Their method for defining the canonical transcript is murky though, since it is not always the longest transcript. There is some human curation involved.
Comment
-
@turnersd: Thanks for sharing that site.
Looking at example they list on the site there are still 2 principal isoforms listed for this gene (http://appris.bioinfo.cnio.es/#/data...099899?db=hg38) so @litali may be left with the same conundrum
Comment
-
@GenoMax
The UCSC Genome Group suggests just picking one at random.

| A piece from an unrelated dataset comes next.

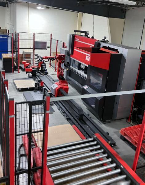 100 Tons X 10’ Robotic Bending Cell with Amada AMNC 3i Touchscreen Control, 7 - Axis (6 - Axis Motion & 1 - Axis of Travel) Amada HGRobot 020 / Yaskawa, DX100 Robotic Arm, Automatic Tool Changer, Automatic Gripper Changer, Roller Table / Conveyor for Finished Parts and Hybrid Drives Systems (Electric & Hydraulic)

"Thank you for your question about the knownCanonical table. Unfortunately, the issue of a gene being assigned multiple transcripts is still present in our most recent versions of the knownCanonical table. We are looking at different solutions to this complex problem, and hope to have this resolved in a future version of the UCSC Genes track. For the transcript you mentioned in your email, one of our engineers suggests arbitrarily choosing which of the two transcripts to keep and which to discard.
[...]
Matthew Speir
UCSC Genome Bioinformatics Group"
Edit: Just clicked on the link you provided. The two longest transcripts have exactly the same length, so they're obviously both reported as being the canonical, or principal, transcript. So, the simplest method computationally to determine the canonical transcript, is simply to report the longest transcript. If there is a tie in length, simply report the first transcript in numeric order. Biologically, it doesn't make much sense, but it is computationally simple. Given that different databases report different transcripts, even this algorithm with not always return the same canonical transcript for different databases.
Comment
-
I've posted the APRIS flags for principal isoforms below.
Really, I think the algorithm I posted above is the most computationally straightforward manner of identifying the canonical transcript.

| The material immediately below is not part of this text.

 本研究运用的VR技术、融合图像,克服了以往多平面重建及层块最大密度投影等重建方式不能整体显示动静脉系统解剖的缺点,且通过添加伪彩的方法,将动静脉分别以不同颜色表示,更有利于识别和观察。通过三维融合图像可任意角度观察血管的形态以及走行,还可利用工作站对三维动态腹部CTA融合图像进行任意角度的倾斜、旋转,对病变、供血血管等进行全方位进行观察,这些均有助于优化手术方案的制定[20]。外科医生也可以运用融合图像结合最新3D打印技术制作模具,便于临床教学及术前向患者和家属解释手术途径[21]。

Explore and download data on alternative splicing annotations and principal isoforms with the APPRIS Database, WebServer and WebServices.
Principal Isoform flags
APPRIS selects a single CDS variant for each gene as the 'PRINCIPAL' isoform based on the range of protein features. Principal isoforms are tagged with the numbers 1 to 5, with 1 being the most reliable. The definition of the flags are as follows:
PRINCIPAL:1
Transcript(s) expected to code for the main functional isoform based solely on the core modules in the APPRIS database. The APPRIS core modules map protein structural and functional information and cross-species conservation to the annotated variants.
PRINCIPAL:2
Where the APPRIS core modules are unable to choose a clear principal variant (approximately 25% of human protein coding genes), the database chooses two or more of the CDS variants as "candidates" to be the principal variant.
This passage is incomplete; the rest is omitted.